This morning I saw Rod Dreher highlight this speech given this month by New York Times columnist David Brooks. As Dreher says, the entire speech is worth every second you’ll spend reading it.
Brooks gives something of a meditation on spirituality and the Christian story of humanity. As is true of his work at the Times, Brooks’ great gift is elevating the reader to moral and philosophical heights with plain but illuminating human insight. His perceptiveness of the spirit of the age and application of Christian truth to it is that best kind of writing: The kind that makes you think, “Well of course that’s obvious! Now why didn’t I think of that?”

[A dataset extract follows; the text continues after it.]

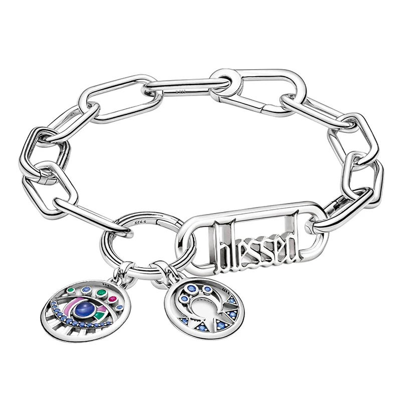925 серебряные серии Me, фиолетовые синие двойные звенья, дизайн слов, коннектор, медальон, мини-подвески, бусины, подходят для браслета Pandora ME, подвески

His speech to The Gathering is quiet fire. Here’s a highlight, in which Brooks discusses what an 20th century rabbi meant by human nature’s “two Adams.”
Adam One is the external résumé. Career-oriented. Ambitious. External.

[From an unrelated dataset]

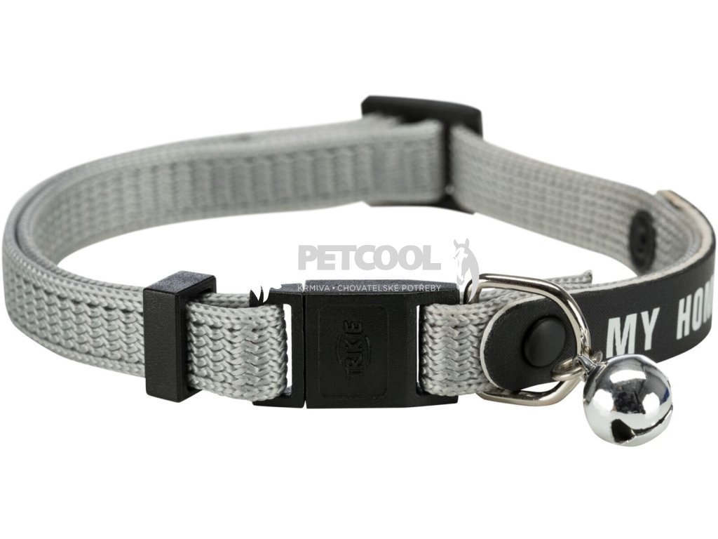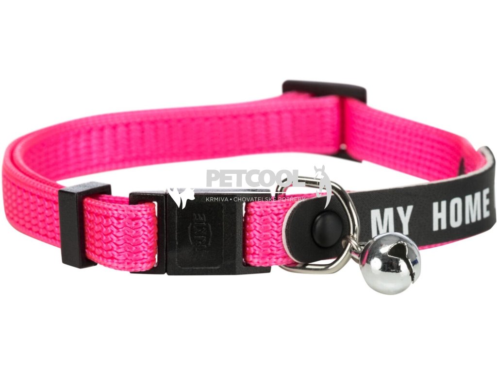 Nylonový obojek TRIXIE MY HOME pro kočky. S bezpečnostní přezkou, kdyby se kočka někde zachytla. Obojek má na sobě adresář s nápisem "my home", který je na cvoček a lze tam napsat kde kočička bydlí, nebo kontakt na majitele.

Adam Two is the internal Adam. Adam Two wants to embody certain moral qualities to have a serene, inner character, a quiet but solid sense of right and wrong, not only to do good but to be good, to sacrifice to others, to be obedient to a transcendent truth, to have an inner soul that honors God, creation and our possibilities
Adam One wants to conquer the world. Adam Two wants to obey a calling and serve the world. Adam One asks. “How things work?” Adam Two asks, “Why things exist and what we’re her for?”

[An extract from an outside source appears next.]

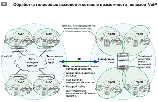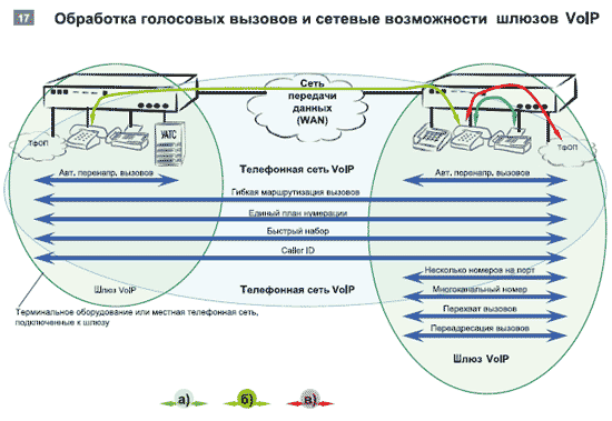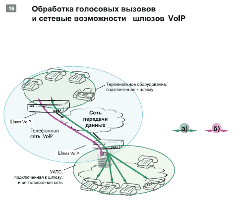 Шлюзы с расширенным набором функций значительно упрощают внедрение технологий VoIP в существующие КСС — обработку вызовов внутри шлюза VoIP (см. Рисунок 17а) или внутри сети шлюзов VoIP (см. Рисунок 17б), а также сопряжение сегмента VoIP с ТфОП (см. Рисунок 17в). Даже такие задачи, как организация многоканального телефонного номера или подключение нескольких телефонных номеров по одному каналу, не вызовут проблем у интегратора.

Adam One wants to venture forth. Adam Two wants to return to roots.
Adam One’s motto is “Success.”
Adam Two’s motto is “Charity. Love. Redemption.”
So the secular world is a world that nurtures Adam One, and leaves Adam Two inarticulate.
The competition to succeed in the Adam One world is so intense, there’s often very little time for anything else. Noise and fast, shallow communication makes it harder to hear the quieter sounds that emanate from our depths.
We live in a culture that teaches us to be assertive, to brand ourselves to get likes on Facebook, and it’s hard to have that humility and inner confrontation which is necessary for a healthy Adam Two life.
And the problem is that I have learned over the course of my life that if you’re only Adam One, you turn into a shrewd animal whose adept at playing games and begins to treat life as a game.
You live with an unconscious boredom, not really loving, not really attached to a moral purpose that gives life worth. You settle into a sort-of self-satisfied moral mediocrity. You grade yourself on a forgiving curve. You follow your desires wherever they take you. You approve of yourself as long as people seem to like you. And you end up slowly turning the core piece of yourself into something less desirable than what you wanted. And you notice this humiliating gap between your actual self and your desired self.